Even though all three objects have the same contents in the sense that the values of the arrays [1,2,3] are the same, they produce different hash values! This is due to the fact that the creation of the array [1,2,3] happens on stack memory. So whenever we type [1,2,3] a new array is created at some different part of the memory that is available to Julia.

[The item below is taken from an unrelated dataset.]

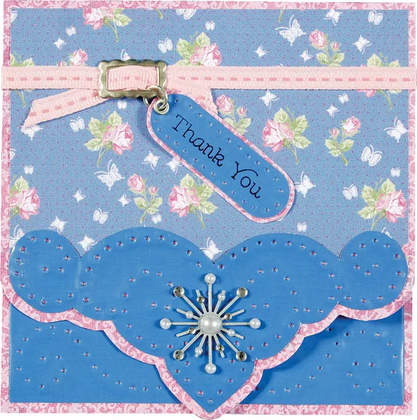 Place a 6” x 3” piece of the periwinkle metal on the mouse pad and pierce the holes for the scroll design centered on it. Cut around the outside of the design. Add a starburst brad to the center of the metal. Glue this piece over the lower edge of the blue flowered paper, leaving 1/8” of the pink showing at the bottom point. Cut around the lower edge of the metal, leaving a pink mat.

If wanted, we can circumvent this by first creating an array, and afterwards create two objects with that array as the argument:

a = [1,2,3]
s4 = SS1(a)
s5 = SS1(a)

display(hash(s4))
display(hash(s5))

0x28b7944f191a2ce5

0x28b7944f191a2ce5

We see that the hash value for both s4 and s5 is the same, and Julia cannot differentiate those two objects at all. Therefore, we could use either to access a dictionary:

test_dict2 = Dict(s4 => "I am s4")
test_dict2[s5]

"I am s4"

3.3 Moving On To Scenes

Returning back to where we left off before the intermission. There, we created a dictionary that maps our swin1 object of type SpectralWindow onto the Lambertian surface that we also created beforehand.

surf_dict = Dict(swin1 => surf)

Dict{SpectralWindow{Float64}, LambertianPolynomialSurface{Float64}} with 1 entry:
  SpectralWindow: O2A => LambertianPolynomialSurface{Float64}(SpectralWindow: O…

We now understand how surf_dict can be used to access the surf object via swin1. Spectral windows in RetrievalToolbox have arrays in them, so even if we have two separate windows that happen to have the same properties, our swin1 object has a unique hash.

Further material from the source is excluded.